In the 16 months or so since it first became possible to distribute full-length feature films in single viewing windows embedded in a blog post, there’s been a lot of talk as to how a film presented in this matter might function. For Four Eyed Monsters, the first feature film made available legally in a single stream on YouTube, the embed functioned as a meme spreader for the FEM brand (and the page the embed code came from served as a revenue generator for Spout.com). At Telluride last month, Annette Insdorf talked about the embed’s value as reference point within online criticism, which is something we’ve done here on SpoutBlog, most recently with Steven’s post last week on DW Griffith’s Abraham Lincoln. Also last week, Anne Thompson suggested that Wayne Wang’s Princess of Nebraska, recently made available for streaming in full on YouTube, can serve as a marketing tool for the film Wang made concurrently, A Thousand Years of Good Prayer, which is currently in theaters. In pieces in the Los Angeles Times and the Wall Street Journal, John Horn and John Jurgensen both suggested that free streaming solutions for features are performing a kind of public service; Horn commended SnagFilms, the portal for ad-supported embeddable documentaries, for their ability to bring “important movies to audiences that otherwise might never have known the films existed,” while Jurgensen focused on Hulu and YouTube’s potential to help relieve the “glut of movies jockeying for theater screens.”
This is all well and good, but in most cases, up until now an argument could have be made that the “better” place to see the film in question would be on a big screen, and/or with an audience, because the assumption has been that the natural home for cinema is in a cinema, that distribution via embed is an alternative option when theatrical distribution doesn’t work out.
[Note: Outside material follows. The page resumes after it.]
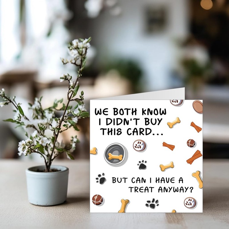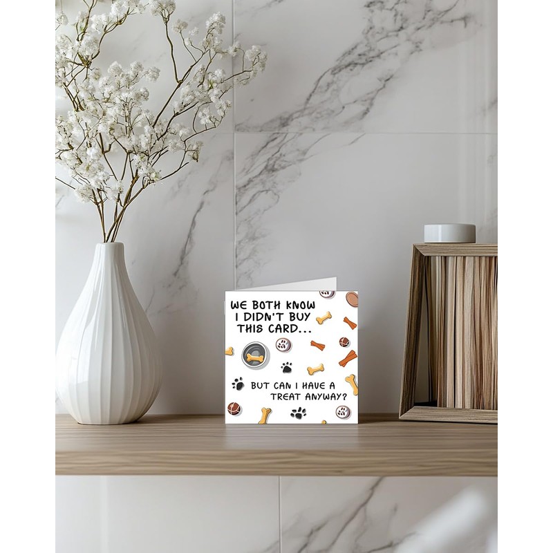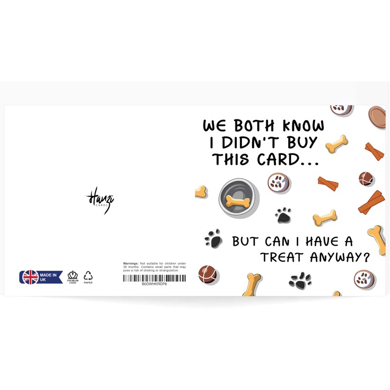 Dog Birthday Card – Perfect for the Owner or Lover – Funny Message: 'We Both Know I Didn’t Buy This Card, Can I Have a Treat Anyway?' – For Dog Dad & Mum – Made in the UK (Small)

The same can not be said for The End of America, Ricki Stern and Annie Sundberg’s non-fiction adaptation of Naomi Wolf’s book and ensuing lecture tour, which debuted on SnagFilms today. This is the first film I’ve seen that seems ideally suited to be seen as a blog embed, and not just because a good deal of the footage within was pulled from web video sources. Essentially a Top Ten list followed by a How To, it’s the first film I’ve seen that seems to have internalized the structure of the traffic-baiting blog post.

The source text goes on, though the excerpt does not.